## WHAT YOU SHOULD DO
Copy the final lines exactly, starting at the one that contains "ヘコむあだ名 | 『えがにゅー』『酢こんぶ』 |" and ending with the last line of the listing below. Pictures are not part of the copy.

## INPUT FOR THIS TASK
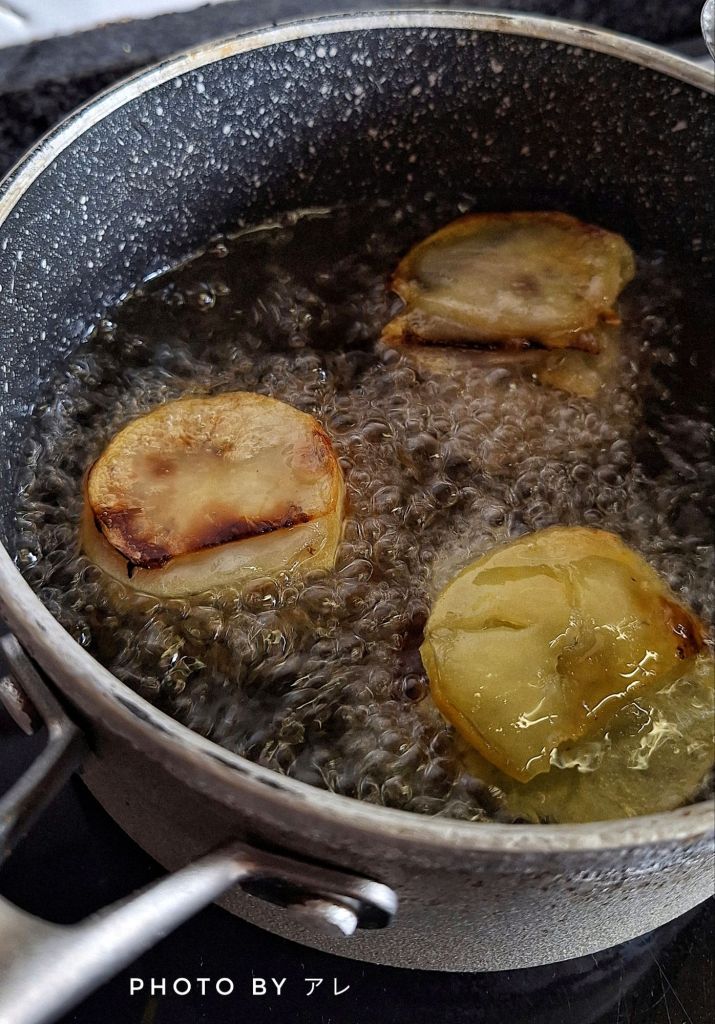 Purea agrodolce con gli aghi di rosmarino che danno una nota fresca. La salsa di soia allo yuzu per l’acidità e la senape creano una composta fantastica! Dovete provarla!
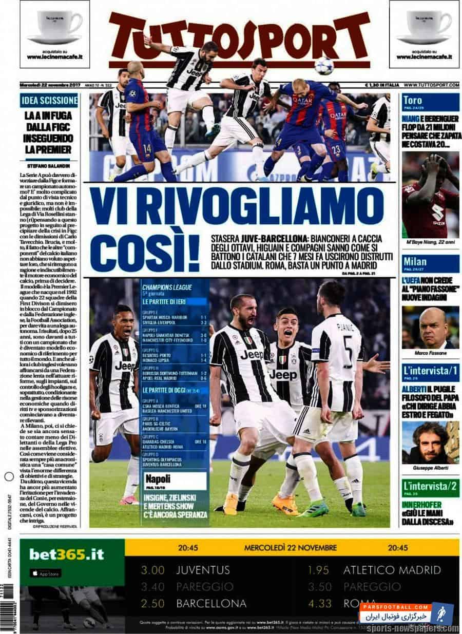 تیتر های نشریهی توتو اسپورت در روز چهارشنبه ۲۲ نوامبر به این شرح است :
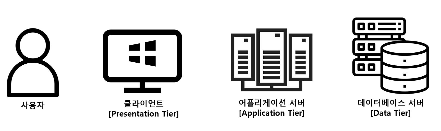클라이언트와 서버 두 개의 티어로 구성되며 이는 보통 데스크탑 응용프로그램에서 사용되는 아키텍쳐이다.
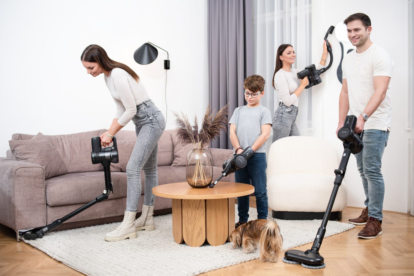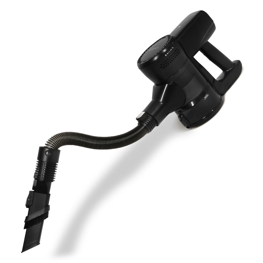Sběrná nádoba umístěná v horní části přístroje a flexibilní tyč s kloubem dávají možnost snadného úklidu i pod nábytkem či v užších prostorech. Naopak speciálně zakřivený nástavec na prach a do výšek umožňuje pohodlný úklid na skříňkách. Do hůře dostupných míst se dostane flexibilní hadice, a zvláště majitelé domácích mazlíčků ocení hlavici s motorizovanými výměnnými kartáči, kdy antistatický je určen na tvrdé podlahy a další kartáč si poradí s koberci a zvířecími chlupy.
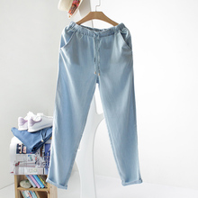 Q12听我说 皮筋抽绳中腰薄款天丝棉牛仔裤长裤直筒裤夏季新品推荐
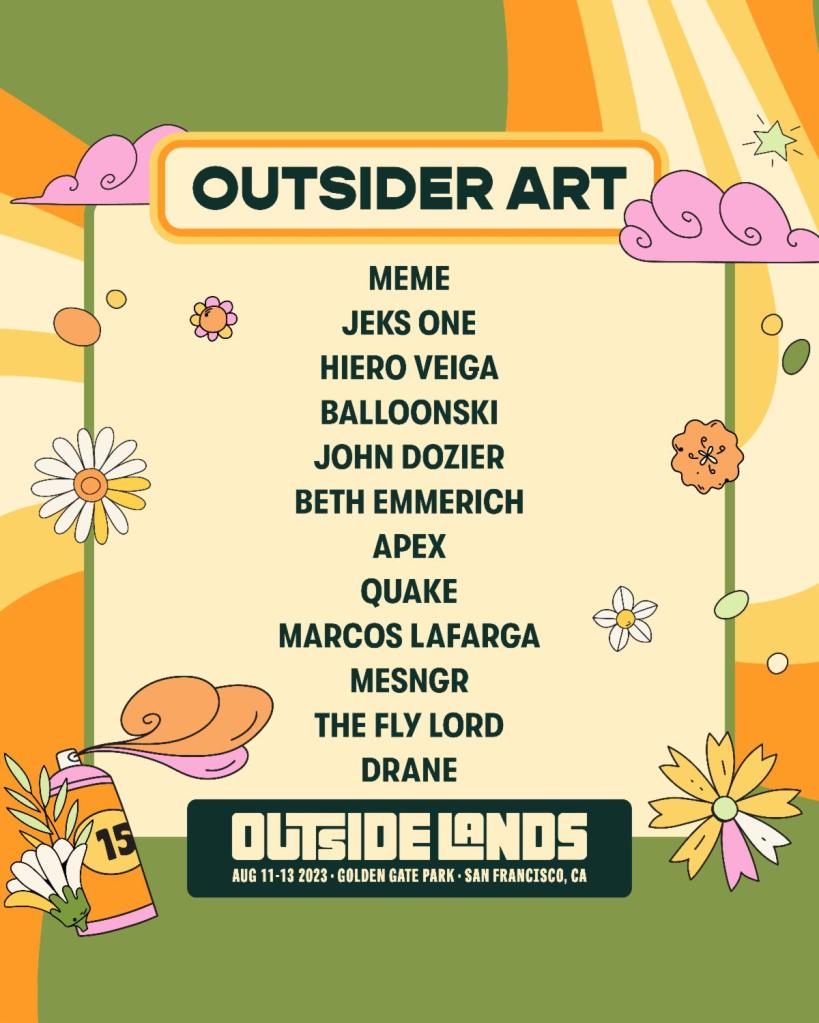 Hoy, Outside Lands anunció su alineación para Outsider Art presentado por Monster Energy, que regresará al festival este año en el Golden Gate Park de San Francisco, del 11 al 13 de agosto. Con instalaciones de algunos de los nombres más importantes del Área de la Bahía y más allá, la programación de este año incluye: Meme, Jeks One, Beth Emmerich, Apex, Quake, The Fly Lord y más.
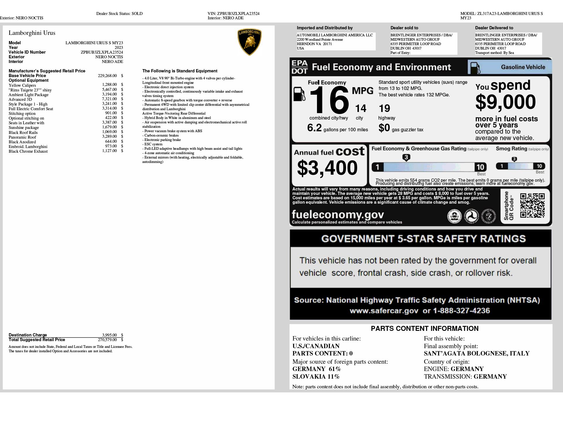 Certified. Nero Noctis Metallic 2023 Lamborghini Urus S AWD 8-Speed Automatic 4.0L V8 Twin Turbocharged Advanced 3D Bang & Olufsen Sound System, Ambient Light Package, Black Chrome Exhaust Tailpipes, Brake assist, Electronic Stability Control, Fully Electric Ventilated/Heated Front Comfort Seats, High Gloss Black Mirror Housings, High Gloss Black Style Package, Navigation System, Panoramic Roof, Power Liftgate, Wheels: 23" Taigete Shiny Black, Yellow Calipers.Recent Arrival!Selezione Lamborghini Certified Pre-Owned Details: * Limited Warranty: 12 Month/Unlimited Mile * Transferable Warranty * Vehicle History * Warranty Deductible: $0 * Roadside Assistance * 150+ Point Inspection
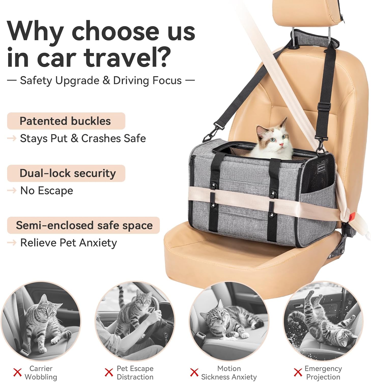 PETSFIT Soft-Sided Cat Carriers & Car Seats with Patent Safe Buckles, Clip-On Harness,18"x11"x11" Airline Approved Pet Carrier - 9 lbs Capacity,Grey
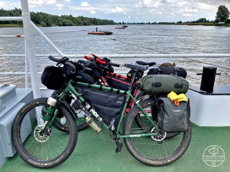 De Lek steken we over met een gierpont bij Beusichem. Die maakt voor de snelheid niet meer alleen gebruik van de stroming voor de voortbeweging. We warmen onze achtersten op het deksel van de machineruimte. We herkennen de omgeving omdat we hier eerder zijn geweest tijdens een fietstocht met de ligfietsvereniging.
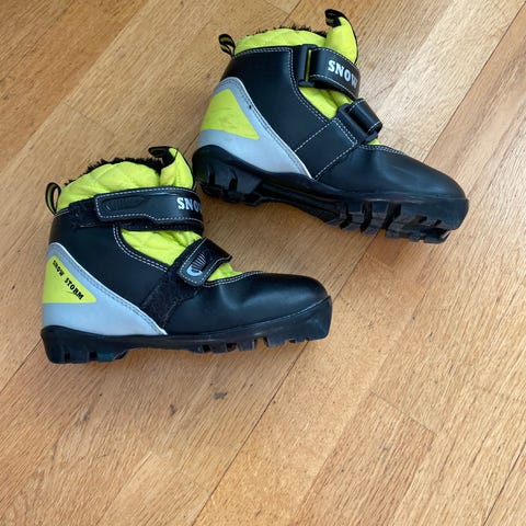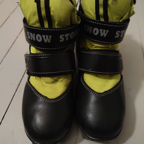 Snow Storm lasten hiihtomonot, koko 34. Väritys musta ja kirkkaan keltainen harmailla yksityiskohdilla. Päällinen synteettistä materiaalia, sisävuori tekstiiliä. Kiinnitys kahdella tarranauhalla, jotka helpottavat pukemista ja riisumista. Soveltuu lasten maastohiihtoon.
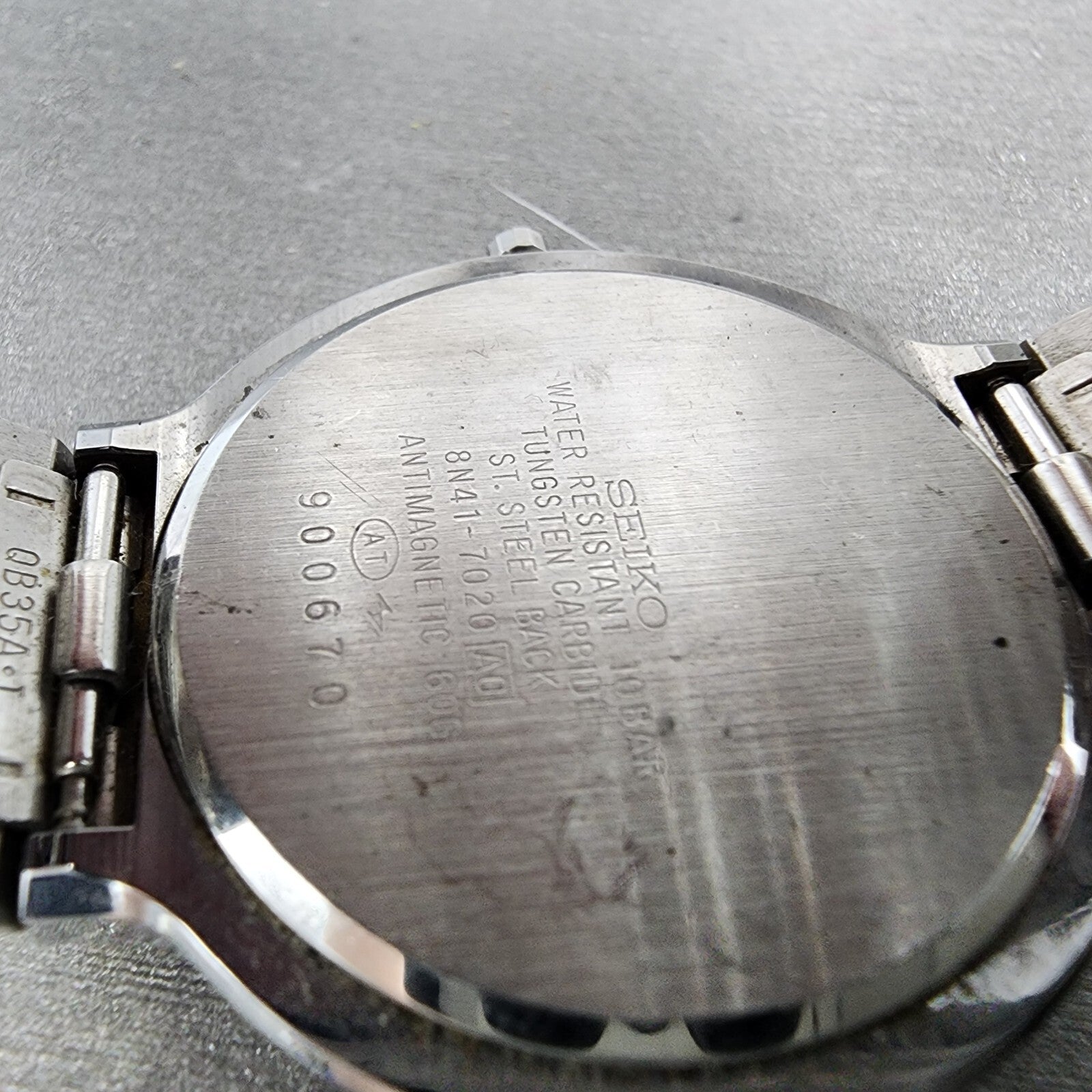 This watch has been used but is in good working condition. There is scratches on the watch. please refer to pictures.
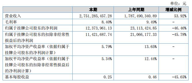報(bào)告期內(nèi),公司實(shí)現(xiàn)營(yíng)業(yè)收入2,751,285,457.28元,較上年同比增長(zhǎng)53.92%;實(shí)現(xiàn)營(yíng)業(yè)成本2,520,264,668.20元,較上年同比增長(zhǎng)55.78%;實(shí)現(xiàn)凈利潤(rùn)12,373,961.13元,較上年同比增長(zhǎng)-46.46%。
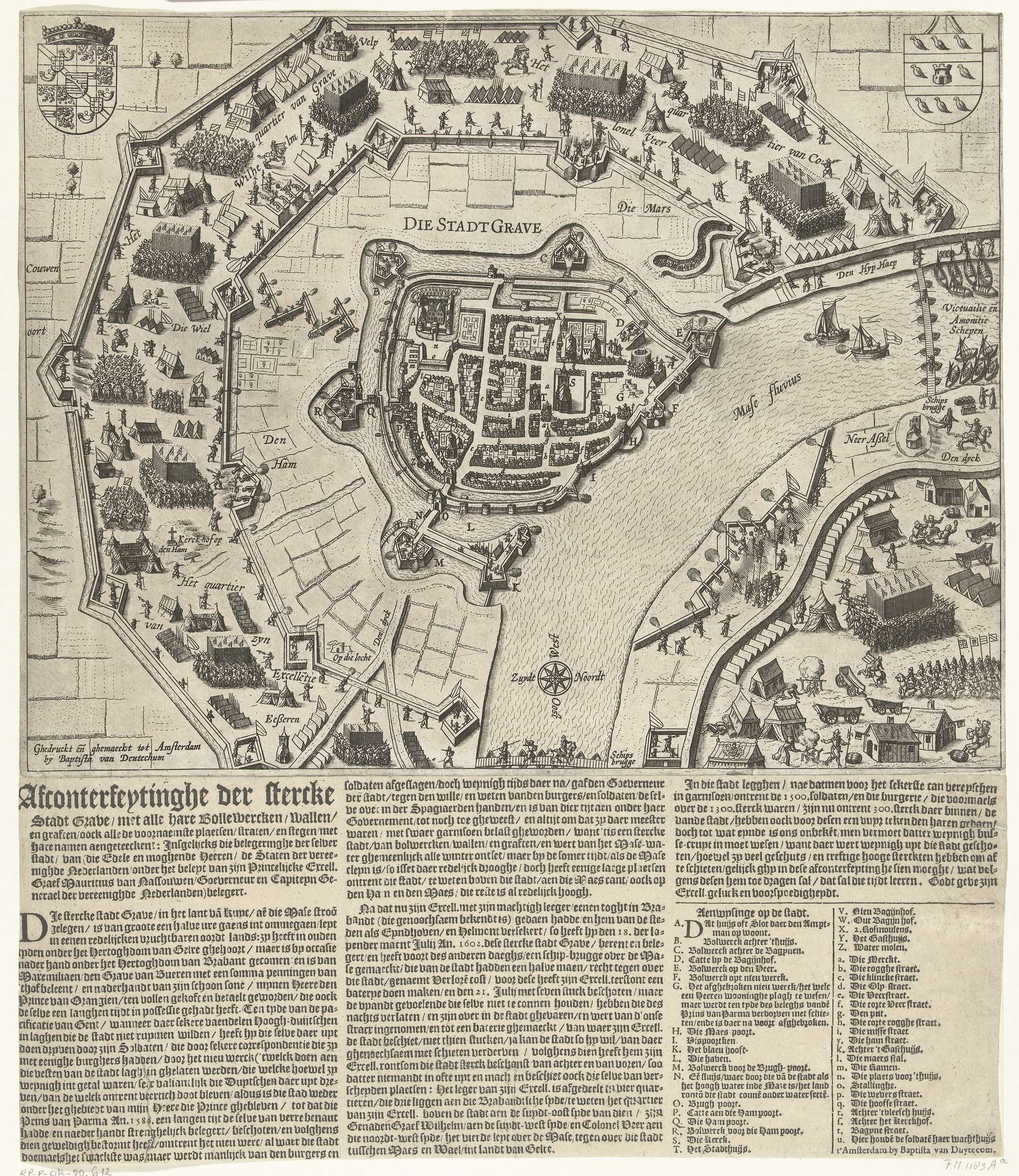 Beleg en inname van de stad Grave door het Staatse leger onder prins Maurits, 18 juli - 20 september 1602. Kaart van Grave met de omsingeling door de troepen van de prins. Linksboven het wapen van de Staten-Generaal, rechtsboven het stadswapen van Grave. Apart gedrukt onder de voorstelling een Nederlandse tekst in 3 kolommen, met ...
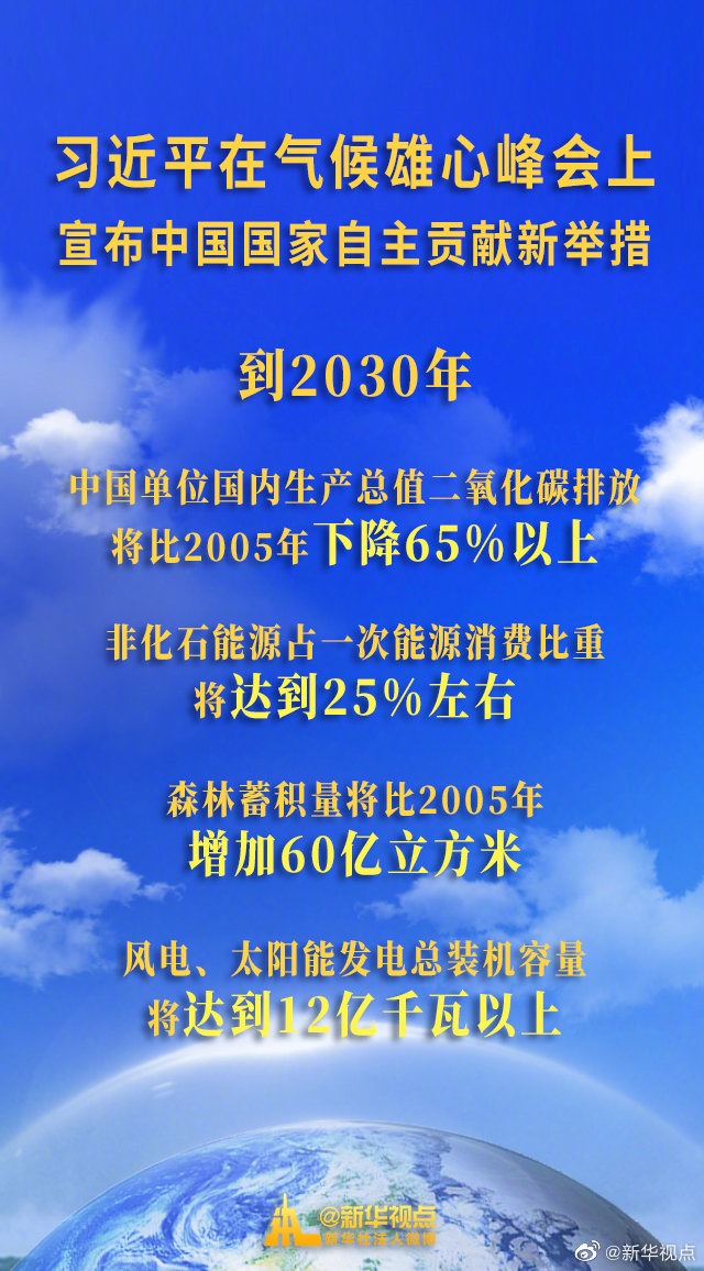 12月12日,國家主席習(xí)近平在氣候雄心峰會上宣布中國國家自主貢獻新舉措?! ?/p>
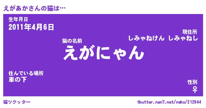 | ヘコむあだ名 | 『えがにゅー』『酢こんぶ』 |
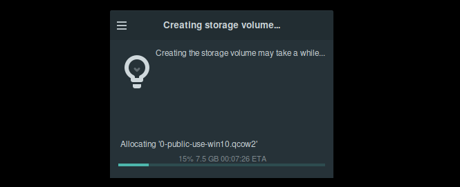 Next we do not virtualize anything using closed-source software like VMWare Workstation or else. We use QEMU/KVM with virt-manager, which is an open source hypervisor :

## TASK RESULT
 | ヘコむあだ名 | 『えがにゅー』『酢こんぶ』 |
 Next we do not virtualize anything using closed-source software like VMWare Workstation or else. We use QEMU/KVM with virt-manager, which is an open source hypervisor :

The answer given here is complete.